Task to carry out: What's needed is an exact copy of the lines from the one that contains "Create a sensual" to the end of the data below, leaving the pictures out.

Segment Open

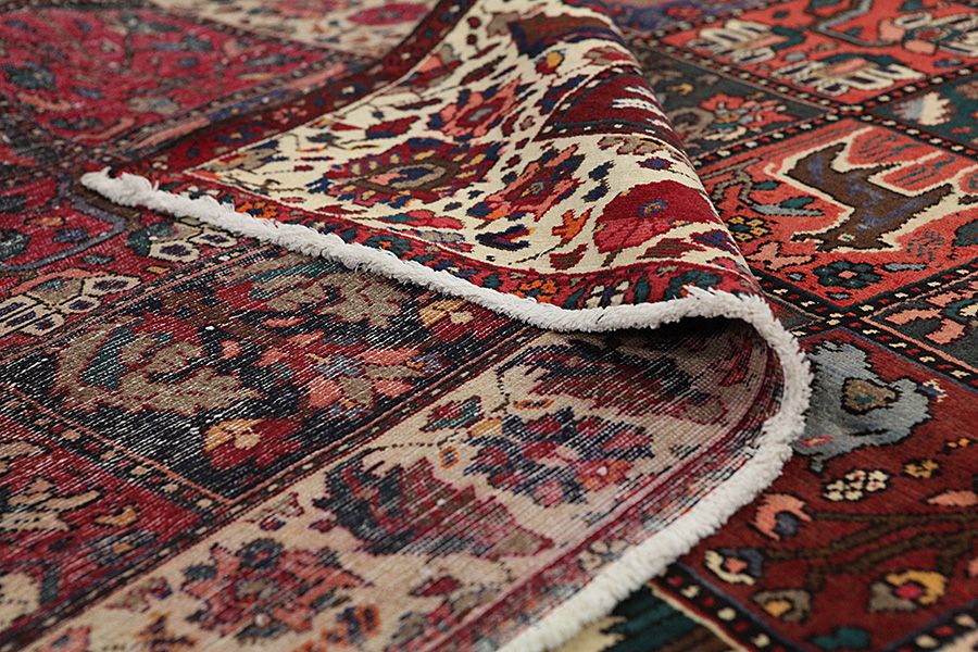 Bakhtiari Carpets : In the mountains Zagros, west of the city of Isfahan, around the town of Shahr-e-Kurd, live the nomads Bakhtiar. Their carpets are known for the design with various repeating squares in which flowers and animals are depicted. For this reason the design is called "garden"(Khesti). Their carpets are very durable with a dense weave and very good quality Persian wool coming from sheep grazing at a high altitude. The best Bakhtiar rugs and carpets with highest knot density are often called Bibibaff. Also in many designs we see influences from Isfahan carpets. (Boldaji - Feridan - Saman).
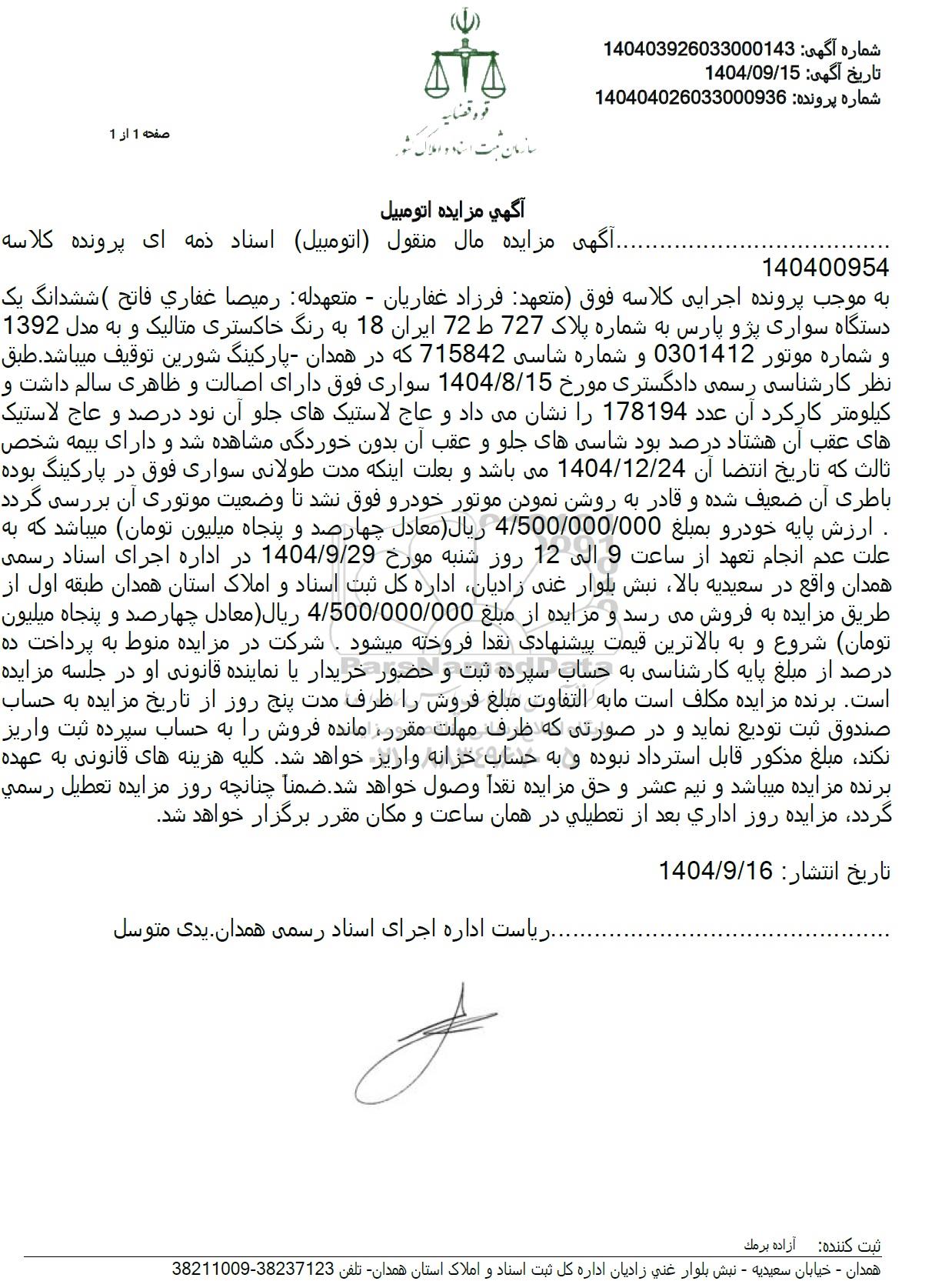 آگهی مزایده مال منقول (اتومبیل) اسناد ذمه ای پرونده کلاسه 140400954 به موجب پرونده اجرایی کلاسه فوق متعهد فرزاد غفاریان - متعهدله رمیصا غفاری فاتح ششدانگ یک دستگاه سواری پژو پارس به شماره پلاک 727 ط 72 ایران 18 به رنگ خاکستری متالیک و به مدل 1392 و شماره موتور 0301412 و شماره شاسی 715842 که در همدان پارکینگ شورین توقیف میباشد. طبق نظر کارشناسی رسمی دادگستری مورخ 1404.8.15 سواری فوق دارای اصالت و ظاهری سالم داشت و کیلومتر کارکرد آن عدد 178194 را نشان می داد و عاج لاستیکهای جلو آن نود درصد و عاج لاستیک های عقب آن هشتاد درصد بود شاسی های جلو و عقب آن بدون خوردگی مشاهده شد و دارای بیمه شخص ثالث که تاریخ انتضا آن 1404.12.24 می باشد و بعلت اینکه مدت طولانی سواری فوق در پارکینگ بوده باطری آن ضعیف شده و قادر به روشن نمودن موتور خودرو فوق نشد تا وضعیت موتوری آن بررسی گردد . ارزش پایه خودرو بمبلغ 4.500.000.000 ریال معادل چهارصد و پنجاه میلیون تومان میباشد که به علت عدم انجام تعهد از ساعت 9 الی 12 روز شنبه مورخ 1404.9.29 در اداره اجرای اسناد رسمی همدان واقع در سعیدیه بالا نبش بلوار غنی زادیان اداره کل ثبت اسناد و املاک استان همدان طبقه اول از طریق مزایده به فروش میرسد و مزایده از مبلغ 4.500.000.000 ریال معادل چهارصد و پنجاه میلیون تومان شروع و به بالاترین قیمت پیشنهادی نقدا فروخته میشود . شرکت در مزایده منوط به پرداخت ده درصد از مبلغ پایه کارشناسی به حساب سپرده ثبت و حضور خریدار یا نماینده قانونی او در جلسه مزایده است. برنده مزایده مکلف است ما به التفاوت مبلغ فروش را ظرف مدت پنج روز از تاریخ مزایده به حساب صندوق ثبت تودیع نماید و در صورتی که ظرف مهلت مقرر مانده فروش را به حساب سپرده ثبت واریز نکند، مبلغ مذکور قابل استرداد نبوده و به حساب خزانه واریز خواهد شد کلیه هزینه های قانونی به عهده برنده مزایده میباشد و نیم عشر و حق مزایده نقداً وصول خواهد شد. ضمنا چنانچه روز مزایده تعطیل رسمی گردد مزایده روز اداری بعد از تعطیلی در همان ساعت و مکان مقرر برگزار خواهد شد.
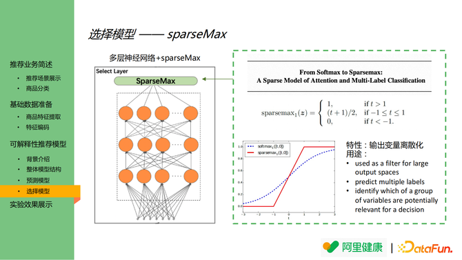 选择模型由 MLP 和 sparseMax 组成。值得一提的是,选择模型中激活函数采用的是 sparsemax 而不是更为常见的的 softmax。图像右边依次是 sparsemax 的函数定义及 softmax 与 sparsemax 的函数对比图。
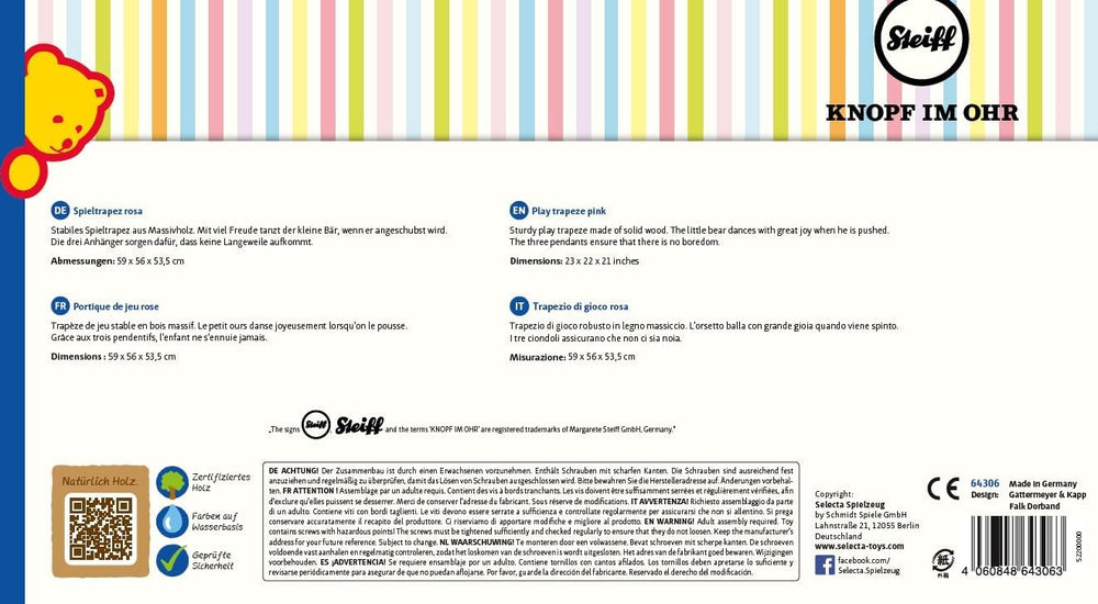 Selecta Bear 64306 Steiff Spieltrapez aus Holz, rosa, 59 cm
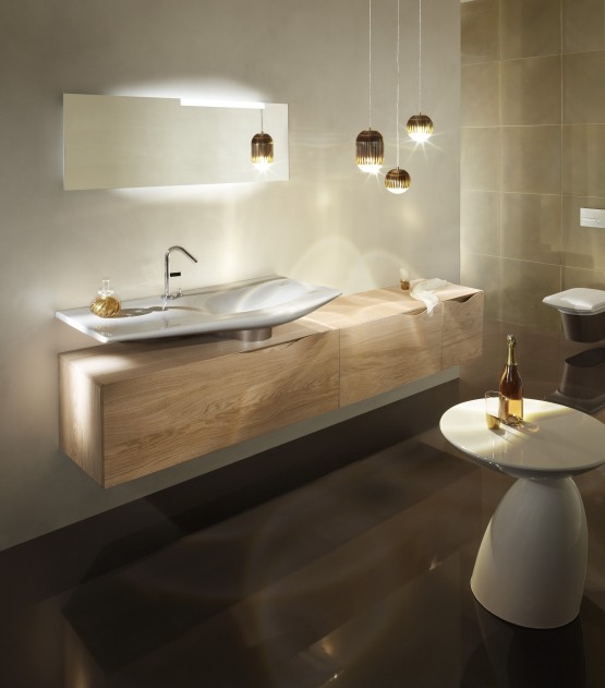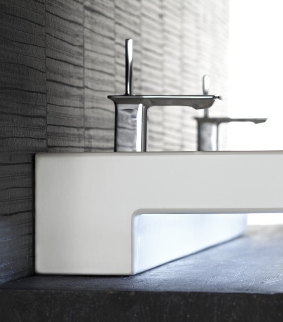 Create a sensual experience in your bathroom with the contrasting forms, textures and materials of the Stillness Collection. Stillness blends ceramic pieces with furniture using fluid, asymmetric lines to evoke a feeling of draped silk, and the striking yet graceful vanity top creates a truly unique bathroom design.
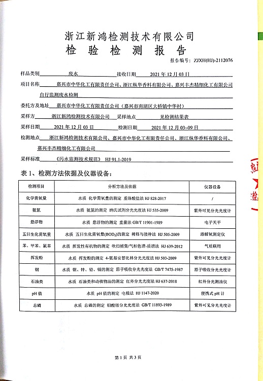 報告名稱:中華化工、縱華、豐杰3、4季度廢水檢測報告
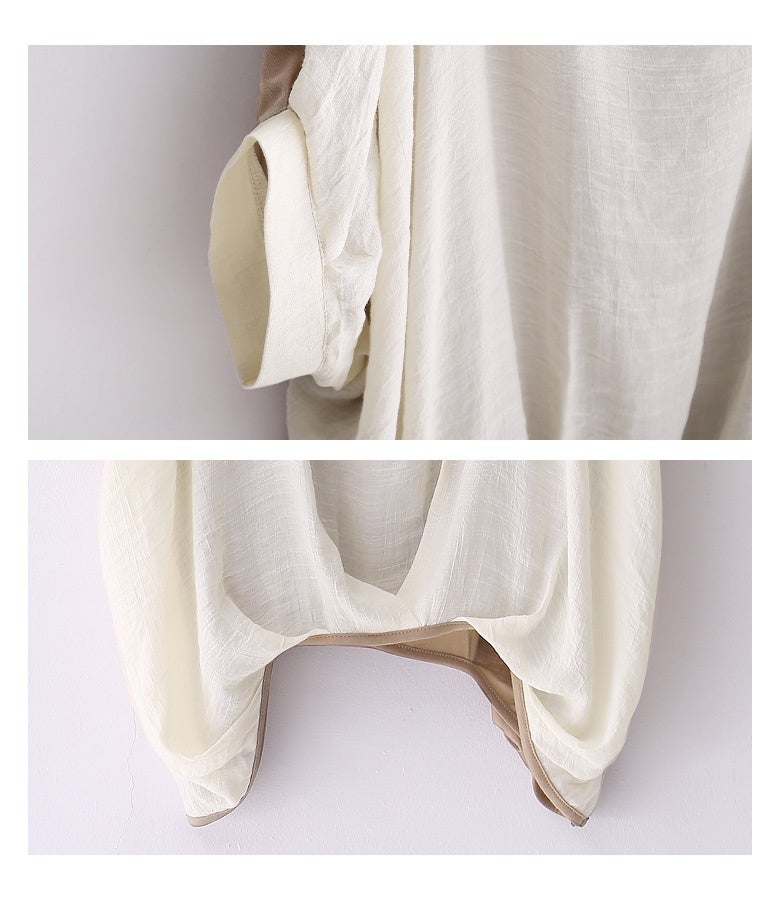 風合いと落ち感のあるブラウス生地と、肌ざわりの良いカットソー生地の異素材使いが大人の品格を醸し出します。

Segment Closed

Response:
 Create a sensual experience in your bathroom with the contrasting forms, textures and materials of the Stillness Collection. Stillness blends ceramic pieces with furniture using fluid, asymmetric lines to evoke a feeling of draped silk, and the striking yet graceful vanity top creates a truly unique bathroom design.
 報告名稱:中華化工、縱華、豐杰3、4季度廢水檢測報告
 風合いと落ち感のあるブラウス生地と、肌ざわりの良いカットソー生地の異素材使いが大人の品格を醸し出します。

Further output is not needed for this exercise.